The potential of groundwater is impacted by vegetation cover in both positive and negative ways. The vegetation can effectively reduce surface evaporation in arid areas where evaporation is extremely high (Han et al. 2021). On the other hand, plants themselves consume water for transpiration. In this study, FVC, which was derived from normalized difference vegetation index (NDVI), was used as a measure of vegetative cover (Han et al. 2021), that is:

$$\mathrm{FVC}=\frac{NDVI-NDV{I}_{s}}{NDV{I}_{v}-NDV{I}_{s}}$$
(1)

where NDVIv and NDVIs indicate the values of pure vegetation and bare land, respectively, and the NDVI was extracted from MODIS images (https://glovis.usgs.gov/). Compared to NDVI, the FVC range is constant between 0 and 1 (Fig. 3e).
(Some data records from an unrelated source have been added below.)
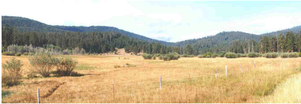
The western half of the Ochoco Forest has more rainfall, thicker forests—and many more visitors.
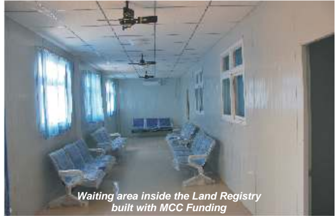
Waiting area inside the Land Registry built with MCC Funding
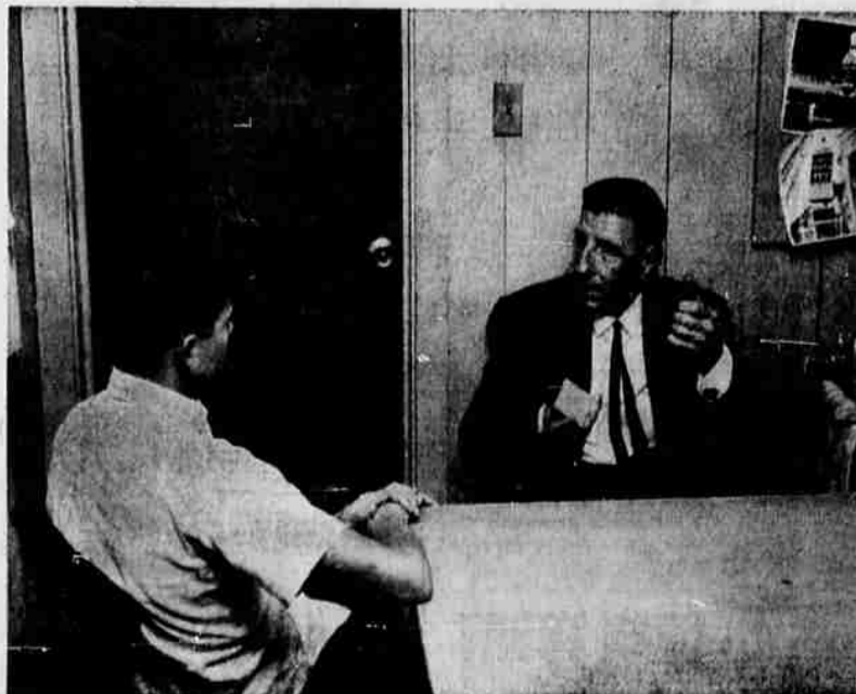
Back in the office: How are you at card tricks?
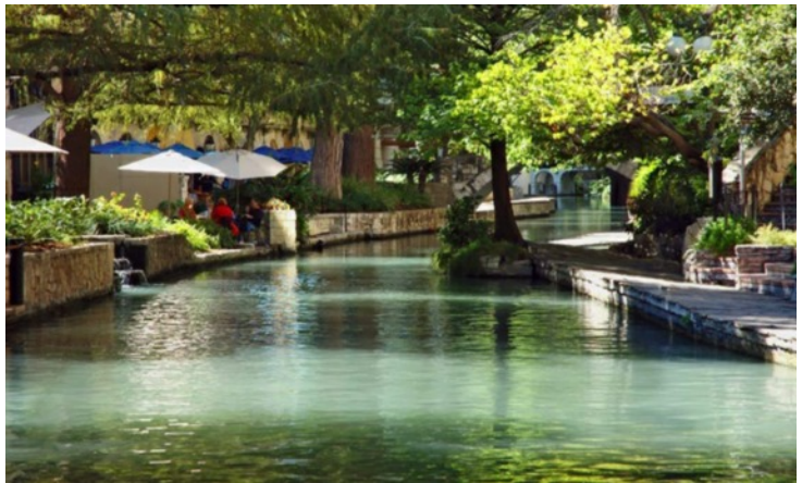
Take a Boat Tour or Stroll along San Antonio's River Walk

Delta's success at finding its Brothers-in-Arms makes its reunion the place to be. 72 veterans gathered in Tucson in 2017, and we want to exceed that at San Antonio in 2018. Regiment and Division reunions have never attracted that many Delta Vietnam Veterans. Not even close, so San Antonio is where you're most likely to see those you served with. Don't put it off. We know you're sure you'll make it to “next year,” but for many (see “Fiddler's Green”) there won't be a “next year.”
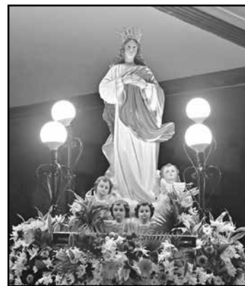
The flower-bedecked carroza of the Blessed Mother
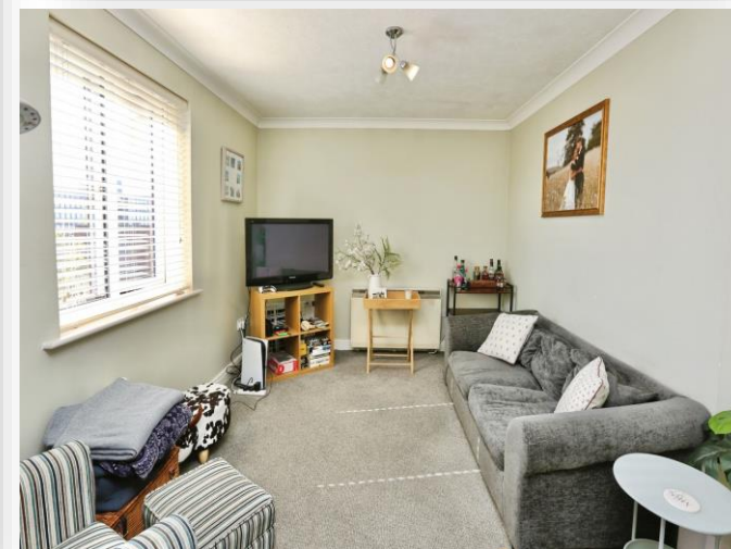
Crown Mews, Clarence Road, Gosport PO12 1DH
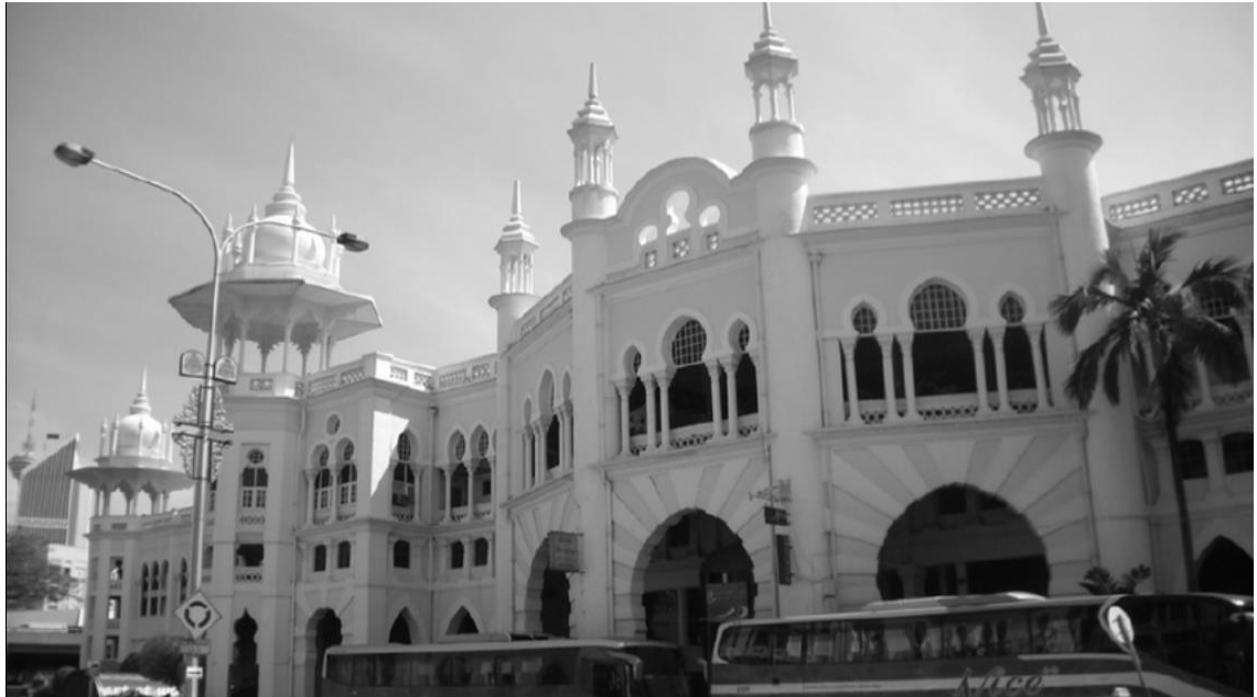
Figure 2.1: Kuala Lumpur Railway Station in the center of Kuala Lumpur (Al-Syam & Badarulzaman., 2010)

Among the nine selected indicators affecting the groundwater potential of the Qaidam Basin, slope, evapotranspiration, precipitation, river density, and FVC are continuous variables, whereas landform, soil, geology, and distance to faults belong to discrete variables. The continuous variables are rescaled from 0 to 1 depending on whether a factor has a positive or negative impact on the result using the min–max normalization (Milewski et al. 2020), corresponding equation goes here:

$$\left\{\begin{array}{c}{X}_{ij}^{*}=\frac{{X}_{ij}-{X}_{jmin}}{{X}_{jmax}-{X}_{jmin}},{X}_{j} \, {\mathrm{i}}{\mathrm{s}} \, {\mathrm{p}}{\mathrm{o}}{\mathrm{s}}{\mathrm{i}}{\mathrm{t}}{\mathrm{i}}{\mathrm{v}}{\mathrm{e}} \, \\ {X}_{ij}^{*}=\frac{{X}_{jmax}-{X}_{ij}}{{X}_{jmax}-{X}_{jmin}},{X}_{j} \, {\mathrm{i}}{\mathrm{s}} \, {\mathrm{n}}{\mathrm{e}}{\mathrm{g}}{\mathrm{a}}{\mathrm{t}}{\mathrm{i}}{\mathrm{v}}{\mathrm{e}}\end{array}\right.$$
(2)

where Xij and \(X_{ij}^\ast\) represent the values of the continuous variables before and after normalization, respectively. If there is a clear quantitative relationship between types of a given variable, such as the distance to faults and landform, the discrete variable was preprocessed similarly to continuous variables; if there is no such relationship, such as soil and geology, they were numbered in decimal form.

Methodology

The DGCF including nine conditioning factors for estimating groundwater potential was created in the previous section. Two sets of point files were generated: one consisting of 85 classified borehole data points and the other comprised of 275,157 vector points, obtained by discretizing the study area with 1 km intervals. The “Extract multi values to point” tool was used to extract the DGCF values to these points based on their respective earth coordinates, resulting in the creation of the sample dataset (size: 85 × 10, containing groundwater potential types) and the database (size: 275,157 × 9). The PPR and RF models were trained on the borehole dataset, respectively, and used to predict the groundwater potential of the Qaidam Basin. The factor weights of the PPR and RF models were then combined with the RSR model for evaluation. As a result, four results of groundwater potential in the study area were acquired: PPR, RSR-PPR, RSR-RF, and RF. The flow chart of the paper was shown in Fig. 4.

Fig. 4
figure 4

Flowchart of the methodology

Rank sum ratio (RSR)

The rank sum ratio model, which combines nonparametric and traditional statistics, was first proposed by Tian (2002). The RSR approach involves transforming a dataset with n rows of samples and m columns of features into dimensionless RSR values, which are then used to sort and bin the samples (Wang et al. 2015). The RSR values comprise the data for all evaluation indicators and represent their combined level, with a higher RSR value indicating a better outcome for decision makers.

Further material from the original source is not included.